- John Gabbay, emeritus professor (jg3{at}soton.ac.uk),
- Tom Walley, professor of clinical pharmacology
- Wessex Institute for Health Research and Development, University of Southampton, Southampton SO16 7PX
- Departmentt of Pharmacology and Therapeutics, University of Liverpool, Liverpool L69 3GF
Throughout the world, healthcare innovations have put pressure on limited resources while governments and patients have demanded top quality, yet cost effective, services. This makes it increasingly difficult for anyone who plans, provides, or receives health services to judge which intervention to use—what works, how well, at what cost, for whom, in what circumstances, and with what impact? Health technology assessment (HTA) is a multidisciplinary specialty whose purpose is to bring together the evidence to answer those questions.1 It boasts a thriving international scientific society (Health Technology Assessment International; www.htai.org) and a global network of more than 40 public sector agencies (International Network of Agencies for Health Technology Assessment; www.inahta.org). It evaluates the costs, effectiveness, and sometimes the wider impact of any intervention used in the care of patients, including medicines, devices, techniques, and skills. In the UK, for example, the HTA programme (www.ncchta.org) has produced more than 300 reports that have had an impact on services, including novel research as well as syntheses of evidence on cost effectiveness on topics ranging from left ventricular assist devices to isolation procedures for containing Staphylococcus aureus.2–5 It also provides much of the evidence base for the guidance which the National Institute for Health and Clinical Excellence (NICE) provides for the NHS.6
As the bridge between science and policy, HTA examines effectiveness and cost effectiveness in the real world, rather than efficacy in rigidly controlled trials.

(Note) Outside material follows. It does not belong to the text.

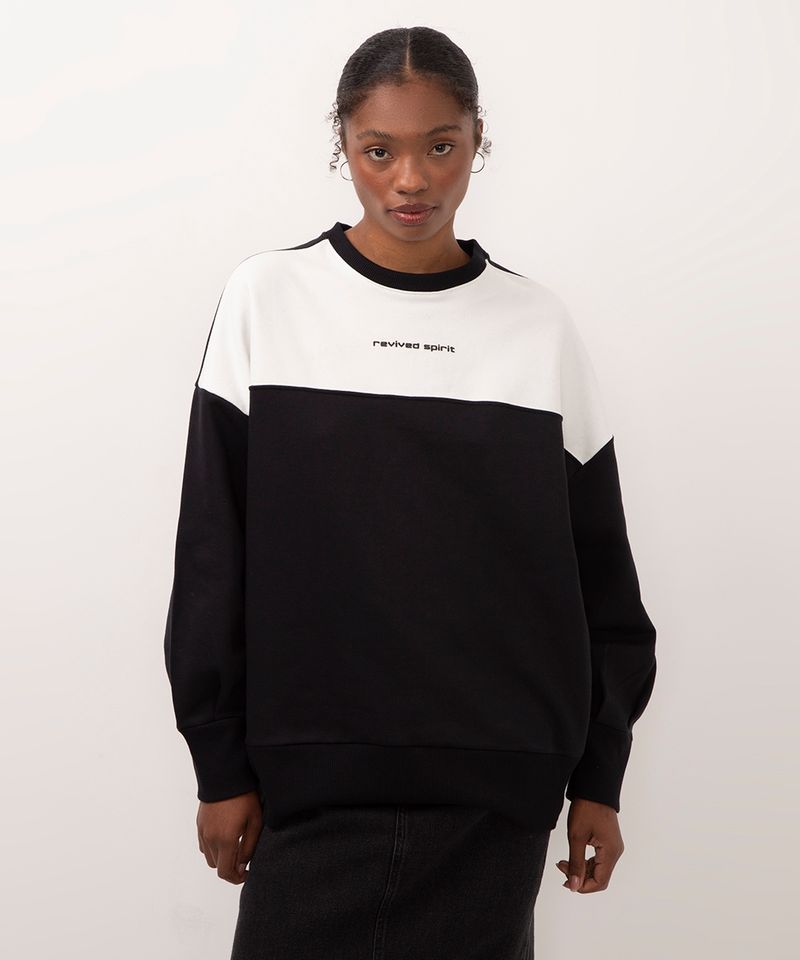 Renove seu estilo com este blusão de moletom feminino, a peça perfeita para unir conforto e tendência em qualquer estação. Confeccionado em moletom macio com felpa interna, ele oferece um toque aconchegante e um caimento solto que garante liberdade de movimento. Seu design bicolor em preto e branco é moderno e versátil, ideal para compor looks despojados e cheios de personalidade.

In the United Kingdom a distinction has emerged between assessment—the supposedly objective scientific summation of evidence about effectiveness—and appraisal, which is a value based judgement made by policy makers such as NICE, who must also consider the ethical, organisational, political, and social impact of technologies. Health technology assessors in many other countries, however, incorporate wider views about relative priority, equity, acceptability and feasibility in their assessments.
Three articles in this issue (pp 107, 109, 112) illustrate just why the assessment and appraisal of health technology is increasingly in demand.7–9 They also show its difficulties and constraints. The social processes of diffusion can turn “technology creep” into widespread practice before health technology assessors can even define, let alone evaluate, new healthcare interventions; but those same processes can result in important developments being ignored or under-resourced.9 The trio of articles highlights too how conflicting interests with deeply held values inevitably affect every stage of healthcare innovation. From their early development, through trials and evaluations to policy formulation and practical implementation, new interventions are fought over—often in the full glare of the media—by bodies as disparate as manufacturing industry, patient groups, politicians, insurers, professional bodies, service providers, clinicians, and of course patients.
However objective it tries to be, HTA is subject to these same social pressures. Moreover, its detailed epidemiological and economic analyses are often pitched into a highly political environment where decisions are overwhelmed by broader contextual considerations that receive little if any of the dispassionate methodical analysis afforded to the technical aspects of the intervention. For instance, drug eluting coronary stents were approved by NICE for use in perhaps 30% of coronary angioplasties, and even though this was already more than HTA suggested was appropriate, such stents have been used in as many as 70% of such procedures. Other examples include the controversies over drugs such as interferon beta for multiple sclerosis or trastuzumab (Herceptin) in early breast cancer.
The trade off between the need for rigour and generalisability on the one hand and context-specificity and immediacy on the other, means that HTA faces increasing challenges in delivering analyses that are scientifically robust yet relevant to policy. Methodological challenges fall into three areas.
First is the requirement to identify the technologies that most need assessing: drugs alone are introduced at a rate of almost one novel chemical entity per week. With limited resources for HTA which new surgical interventions should be assessed and at what stage of their development—neither so early as to waste effort on those that change or never take root, nor too late to avert a fad? The second challenge is a need to develop increasingly sophisticated methods for robust assessments of rapidly evolving technologies, of devices—which often have limited supportive evidence, and of programmes such as diagnostics and screening where clinical and cost effectiveness depend on a chain of diagnostic and therapeutic decisions.10 Changes in the organisation of service delivery also stretch conventional methods of clinical and economic evaluation such as trials and economic modelling, particularly if policy makers start to call also for assessments of the ethical and other wider aspects of technologies. Thirdly, there is the challenge of implementing HTA findings, which not only faces the usual problems of encouraging the uptake of research into practice but also relies deeply on the nature of the healthcare system and is exceptionally vulnerable to pressure from interested groups.
Technological innovations drive modern health care at an accelerating pace.11 Researchers in HTA must provide robust, relevant, and accessible assessments, and practitioners, patients, and policy makers must engage in that process and use the results. On the evidence of the three papers in this issue, there is still a long way to go.